Since I penned the "inaugural" RACMonitor article below, a few things have been clarified regarding the CMS's RAC program. To name a few:

 

  • The four RAC players are well known, with new "issues" approved by CMS and posted on each entity's Web site:

    • Region A: DCS Healthcare - www.dcsrac.com

    • Region B: CGI Federal - http://racb.cgi.com

    • Region C: Connolly Healthcare - This e-mail address is being protected from spambots. You need JavaScript enabled to view it

    • Region D: Health Data Insights - This e-mail address is being protected from spambots.
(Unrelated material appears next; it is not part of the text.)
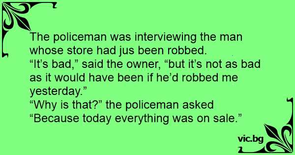 “It’s bad,” said the owner, “but it’s not as bad as it would have been if he’d robbed me yesterday.”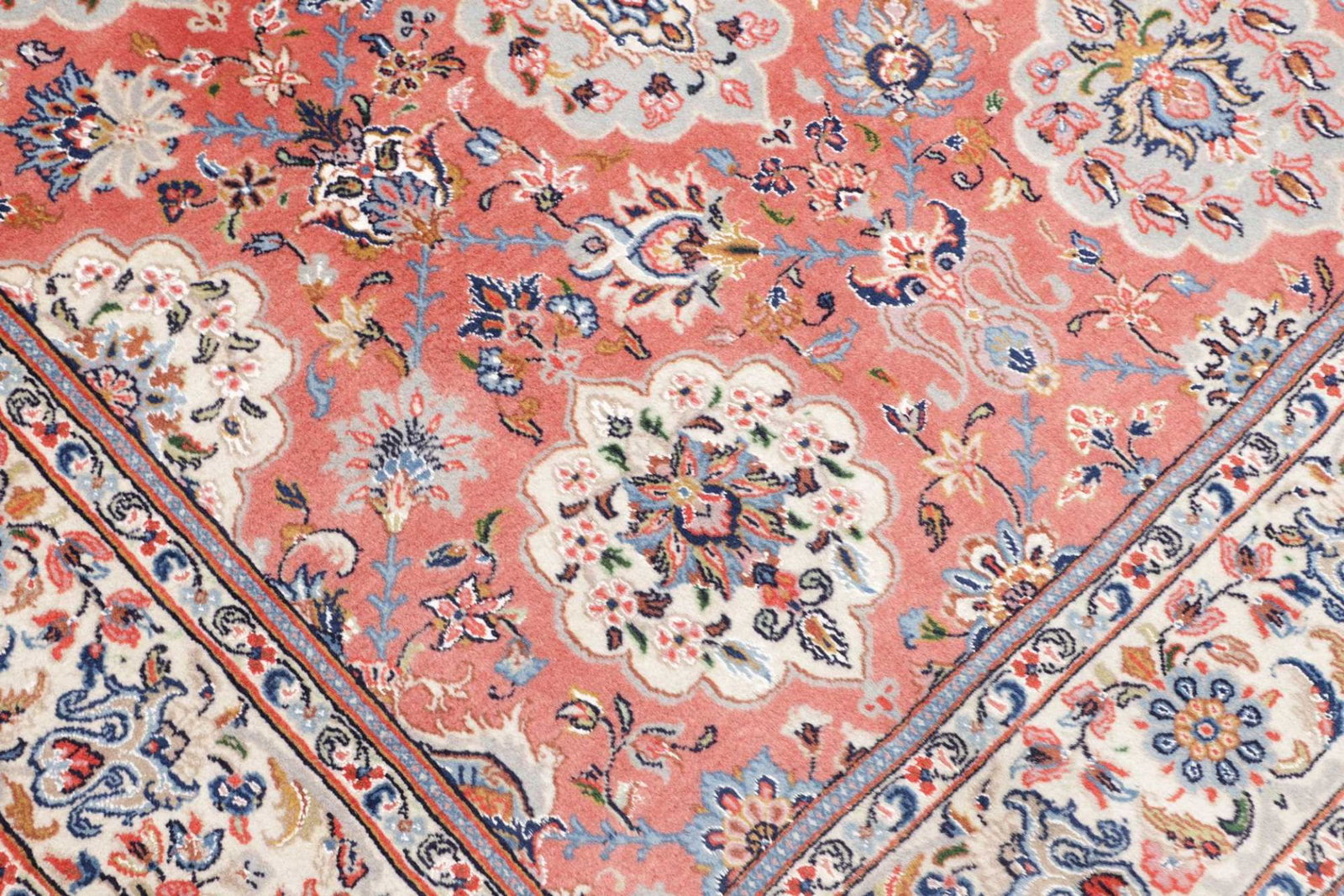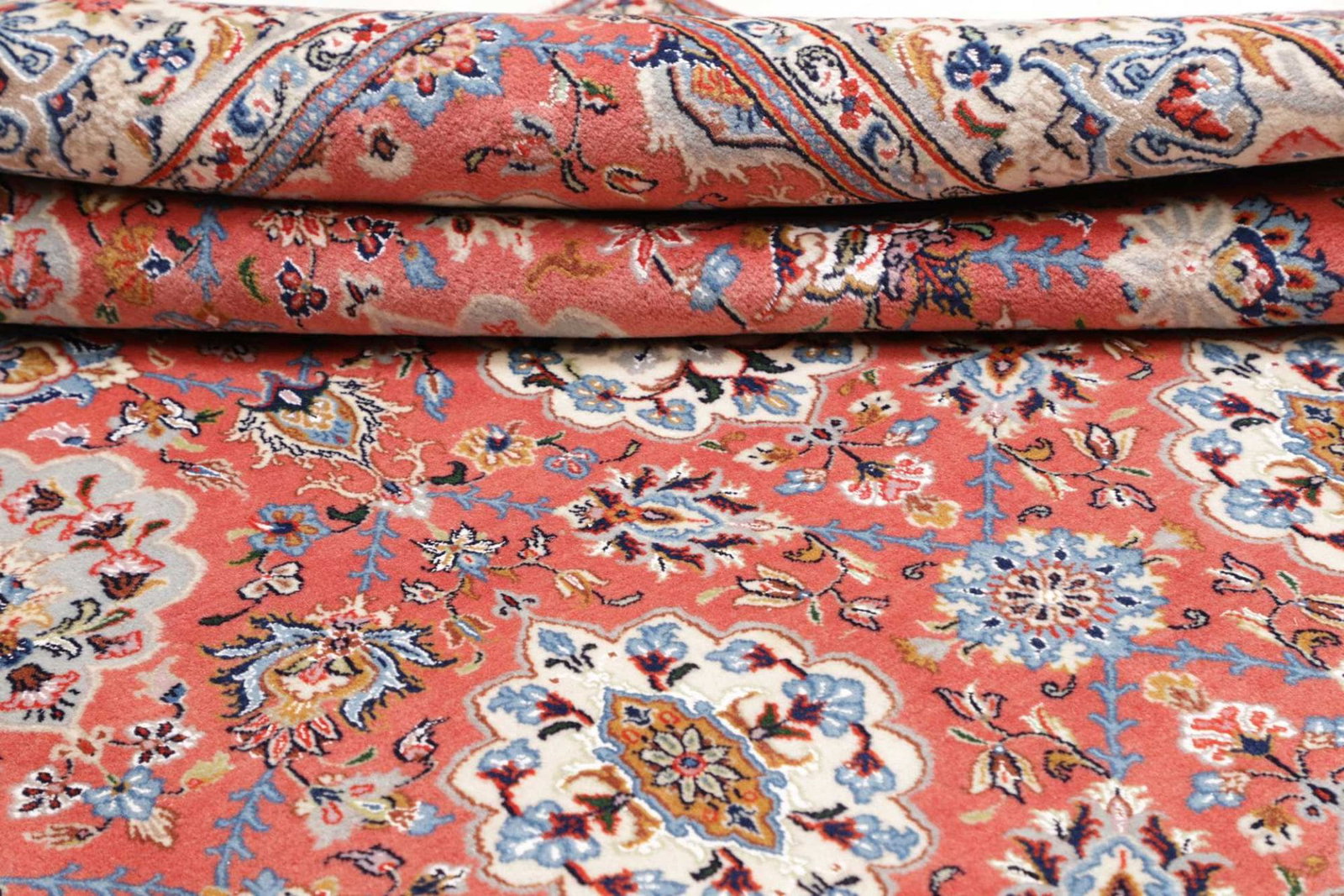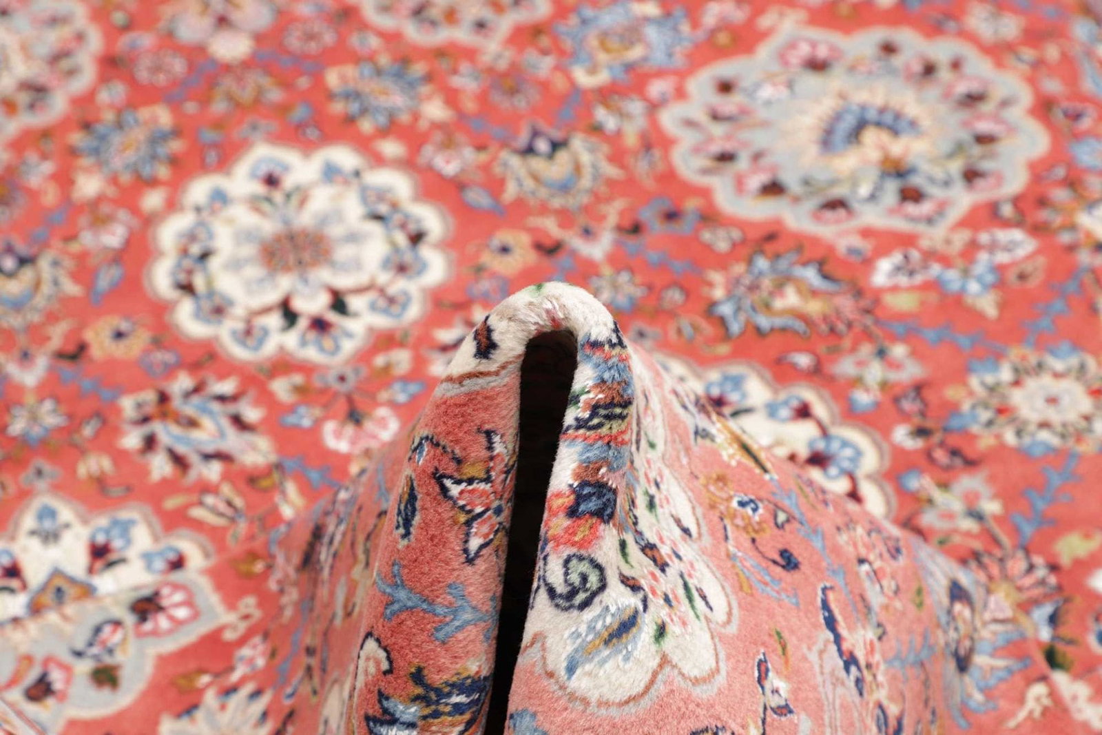 Die hohe Knotendichte von ca. 200.000 Knoten pro Quadratmeter steht für die exquisite Qualität und die Detailgenauigkeit der Handarbeit. Der Flor hat eine Höhe von etwa 10-12 mm, was zu einer angenehmen und weichen Oberfläche beiträgt. Die Verwendung von 100% Schurwolle und 100% Baumwolle in der Kette sorgt für Langlebigkeit und Strapazierfähigkeit, während die handgeknüpfte Verarbeitung den Teppich zu einem einzigartigen und wertvollen Stück macht.

You need JavaScript enabled to view it


  • RAC provider outreach education has been conducted in all 50 states.

  • Hospital providers are very likely well prepared and informed.

  • Hospitals in each region have begun to see "automatic" recoupments, and a few have begun to receive demand letters, with the volume to date relatively small.

  • Complex medical record reviews focused on medical necessity will begin sometime in 2010 (no date was announced as of this publication), with reviews focused on coding and MS-DRG assignment to commence anytime.

  • Issues of potential "reach through" for denied hospital services connected to other providers, such as physicians, have been clarified.

  • The RAC program will continue to be refined and tweaked during the coming months, with anticipated extraordinary results that will benefit CMS and beneficiaries.

  • Physician providers will be impacted by the RAC program, and appear to be the least aware of implications for their practices and hospitals.


The expression "there is no going back" comes to mind as we approach this New Year. It is both possible and necessary for providers to be successful as this and other new CMS programs and initiatives take root (and flight); however, the key to this success is in the attitude providers bring to their efforts, the appreciation for the goal ("to reduce improper payments") we all support, and the amount of information and education we provide to those who work closest to the issues. So with that, enjoy re-reading the article below, take heed..........On your mark, Get set, GO!!


On Your Mark... Get Set...GO!!

 

Not Widely Known Yet


Recently, I was in a large metropolitan hospital speaking to a room full of medical professionals, internists, cardiologists and surgeons. After speaking for a few minutes about the advent of the RACs, it was clear that I was facing a sea of blank stares. It turned out that not a single physician in the room had heard anything before about the CMS initiative and national RAC program. They had no idea what I was talking about, and were further shocked to learn that all hospitals and MD practices (along with other healthcare providers) would soon be at the center of the program focus and potentially at significant financial risk!

 

"On Your Mark"... Brief Background

 

Let's start with defining RACs, which stands for Recovery Audit Contractors. These are new CMS contractors whose sole focus is to review paid Medicare claims from October 1, 2007 forward, covering all healthcare services, which includes; Inpatient Hospital services, Physician services, Outpatient services, Inpatient Rehabilitation services, Skilled Nursing Facilities, DME, Hospice, et al.


RAC Pilot Program Success

Initially, there were three states in the RAC pilot demonstration -California, Florida and New York, with an additional three added in the summer of 2007, Massachusetts, South Carolina and Arizona.

 

A significant portion of RAC determinations related to identified ‘absent clinical medical necessity' of prior services as determined to be ‘unnecessary' or demonstrated by insufficient documentation found within the medical records. The old adage of "not documented not done" has rarely been proven truer!

 

Results of the 3 year demonstration were over whelming for CMS with greater than $1 billion in "improper" payments identified by the RACs, with 96% representing "over payments" and only 4% returned to providers as representing "under payments"!

 

As of June 30, 2008, providers had appealed only about 14 percent of the above findings, with only 6.8 percent of "RAC determinations" overturned on appeal; dramatic success for the pilot program.